The ‘story’ features a soldier who was defending his homeland and who, at a certain point, became a prisoner of war. ‘After months of torture and after experiencing all the drama that this experience entails,’ says the Greek Catholic bishop of Donetsk, ‘it is inevitable that a person begins to reflect on the meaning of life, on the meaning of sacrifice and suffering. All this often leads to a search for a higher power, a search for God, someone who is beyond and above the human drama of existence.’ The search for God becomes particularly intense when one is experiencing great suffering. ‘I believe,’ Bishop Ryabukha notes, ‘that his interest in God was born precisely during his period of captivity.’
‘After the grace of being freed following a prisoner exchange between Russia and Ukraine, he returned home, but that deep search for God remained in his heart,’ the prelate continued.
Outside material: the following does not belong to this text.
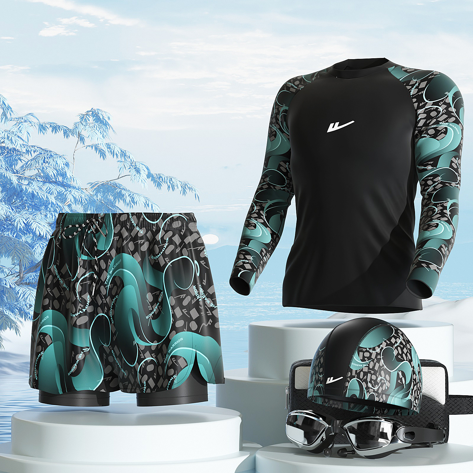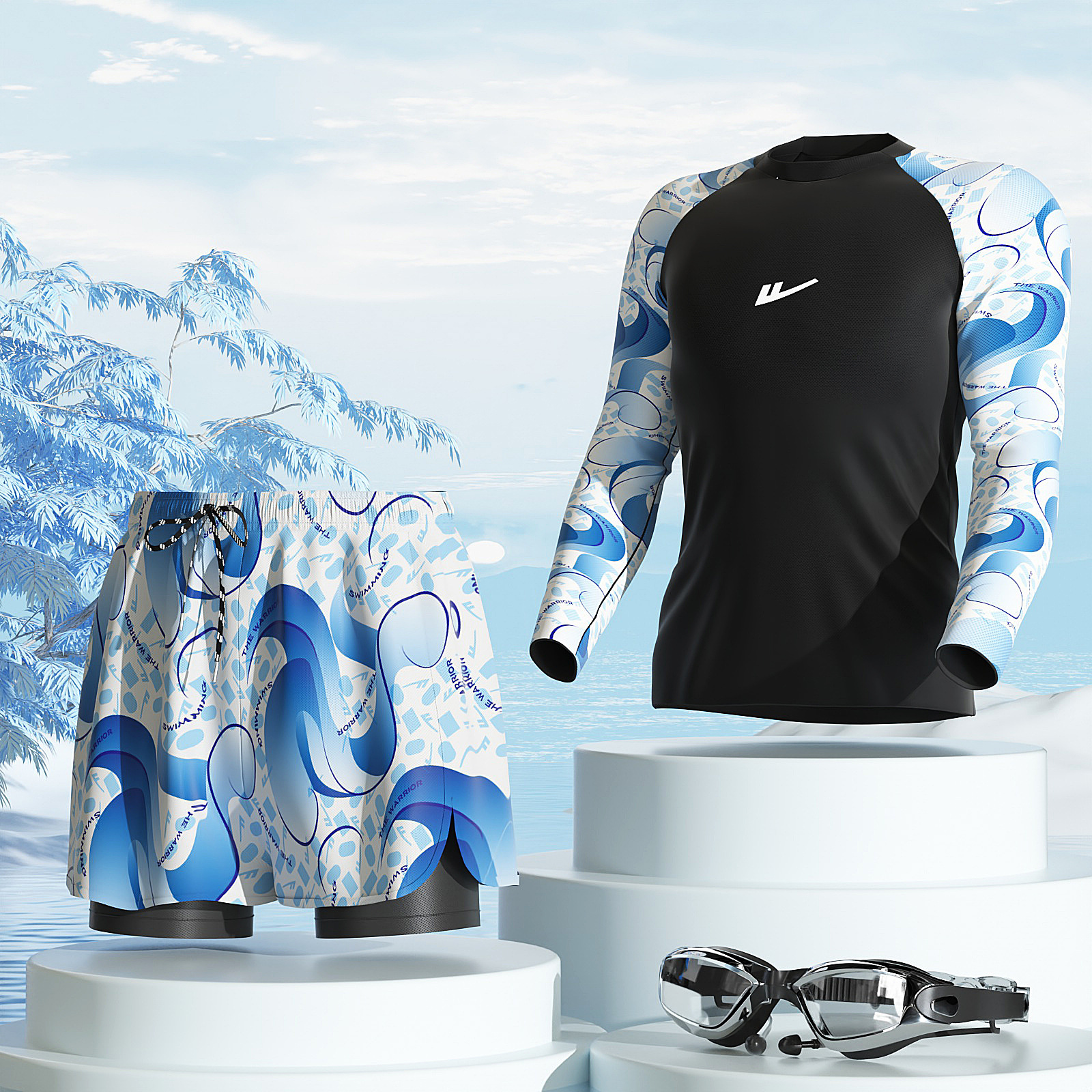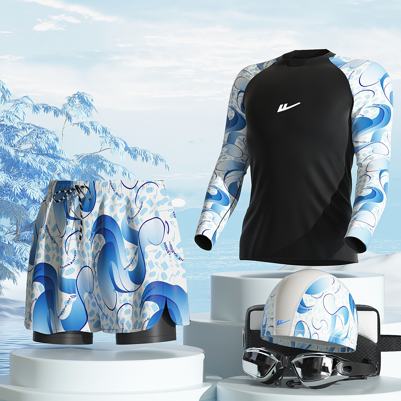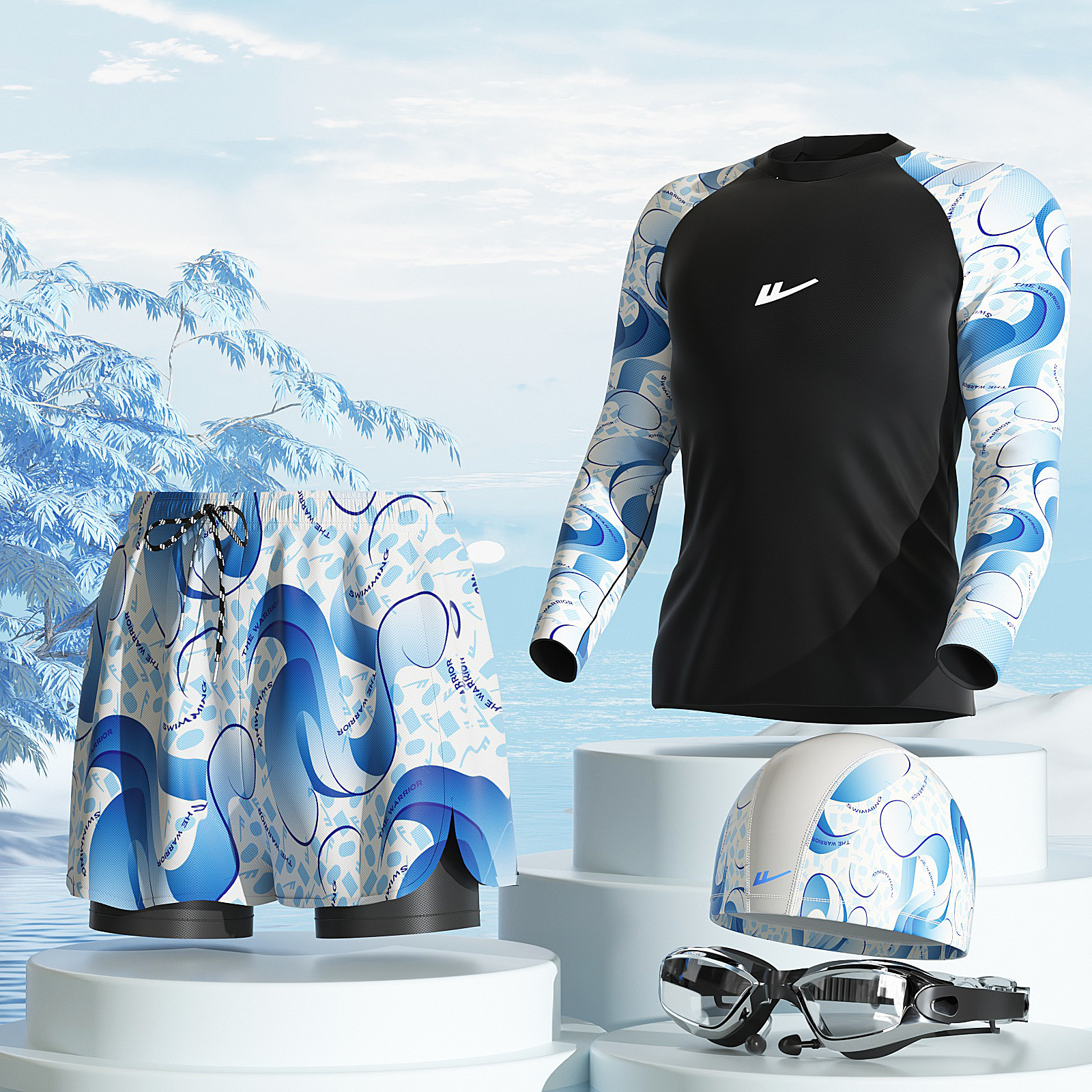 • 파란색과 흰색 [수영 3종 세트]

At that moment, something in his life had changed. He began to seek out other people who had experienced imprisonment, those who had the courage to speak about that drama and the strength to promote a rediscovery of God. His search is intertwined with another story, that of Father Bohdan Heleta, a Redemptorist religious who, together with another confrere, Father Ivan Levytskyi, was imprisoned in Russian jails for a year and eight months, sharing that tragedy with many others, military and non-military. In short, ‘a prisoner among prisoners.’ After that experience, Father Heleta became the promoter of an initiative: a programme of help and support, including spiritual support, for those who had lived through the same experience.
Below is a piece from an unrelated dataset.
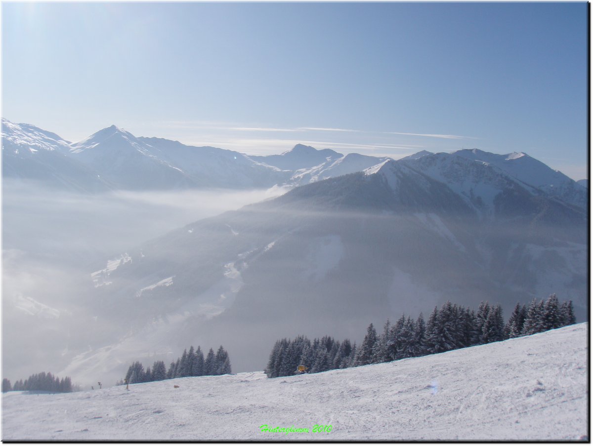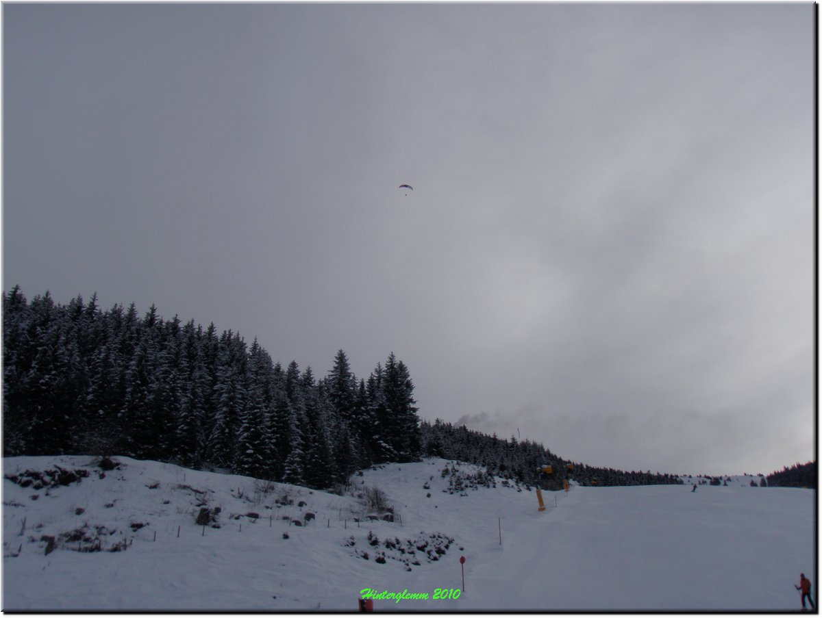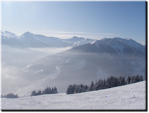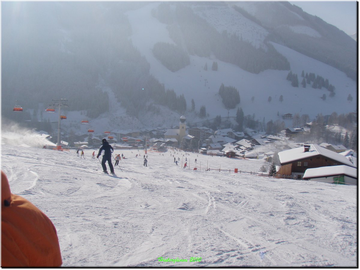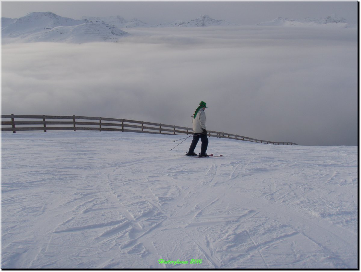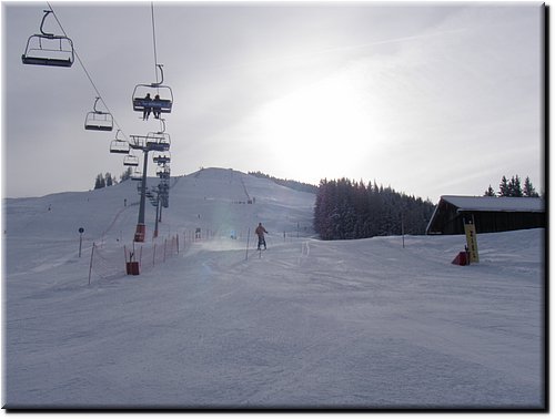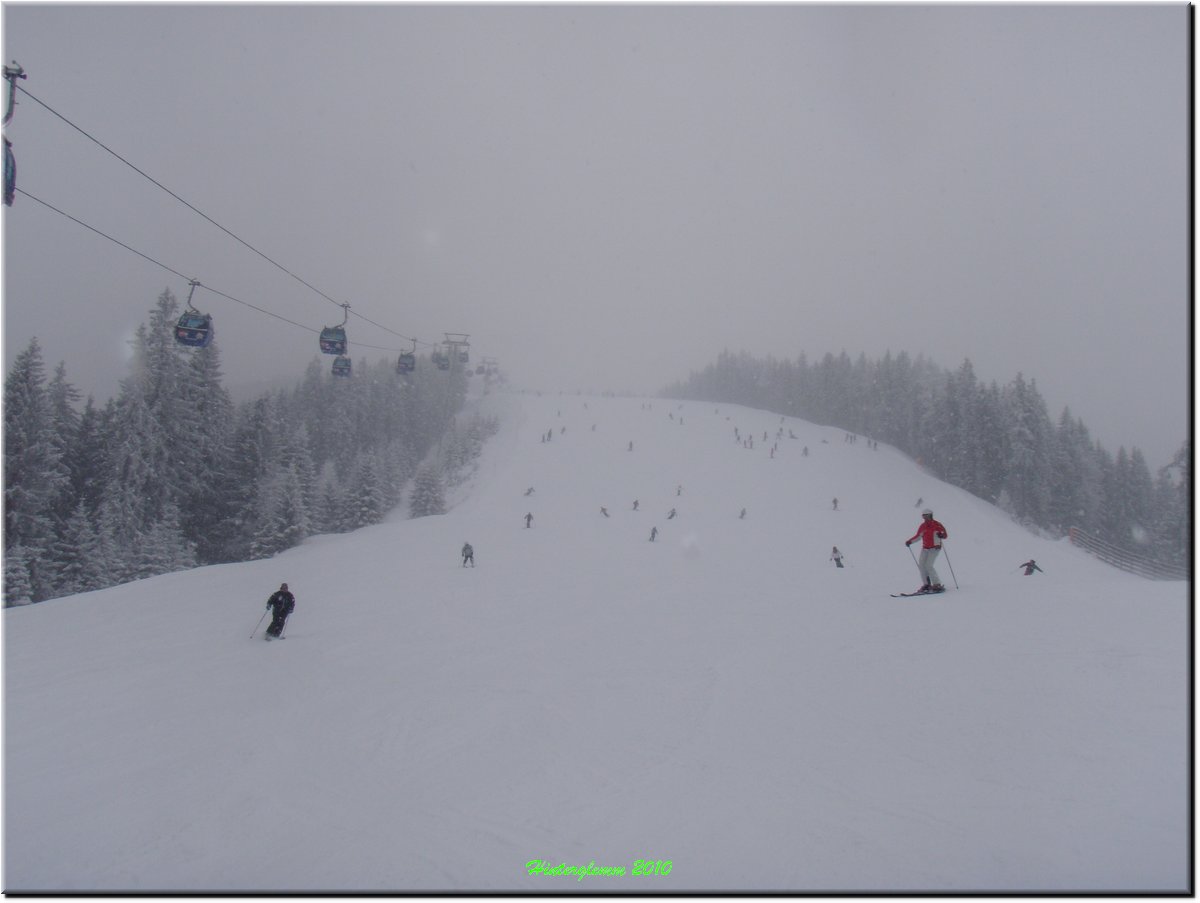 Het was vrij zonnig maar, mede door de vele sneeuwkanonnen, hing er wat nevel.

The soldier found the announcement and decided to participate. And, upon returning home, he contacted the parish priest of one of the Greek Catholic churches in Zaporizhzhia and asked to be baptised, as he had never been baptised. He had grown up in an atheist family of Soviet tradition and had never asked himself the question of seeking God. For two months, Father Oleksandr Bohomaz prepared him to receive the sacrament. It was a journey of light and inner liberation. ‘Through reading the Holy Scriptures,’ says the bishop, ‘he discovered the wonderful plan that God has for humanity and the paternal love with which he accompanies every step of man throughout millennia of history. All this made him fall even more in love with God and gave him the courage to say “yes” to becoming a Christian, to recognising himself as a child of God and to the desire to follow in the footsteps of Jesus from now on.’
His baptism becomes a message of hope for the whole community. Bishop Ryabukha therefore describes it as ‘a small sign of victory: God’s victory over the evil we experience in our daily lives. A victory that brings strong hope which gives meaning to life and even to suffering. I believe that Jesus has never abandoned any of us. What we sang and experienced a few days ago at Christmas, proclaiming that God is with us, Emmanuel, has become alive and present in the life of this man. And for all of us, this is also one more reason to feel and express gratitude to God.’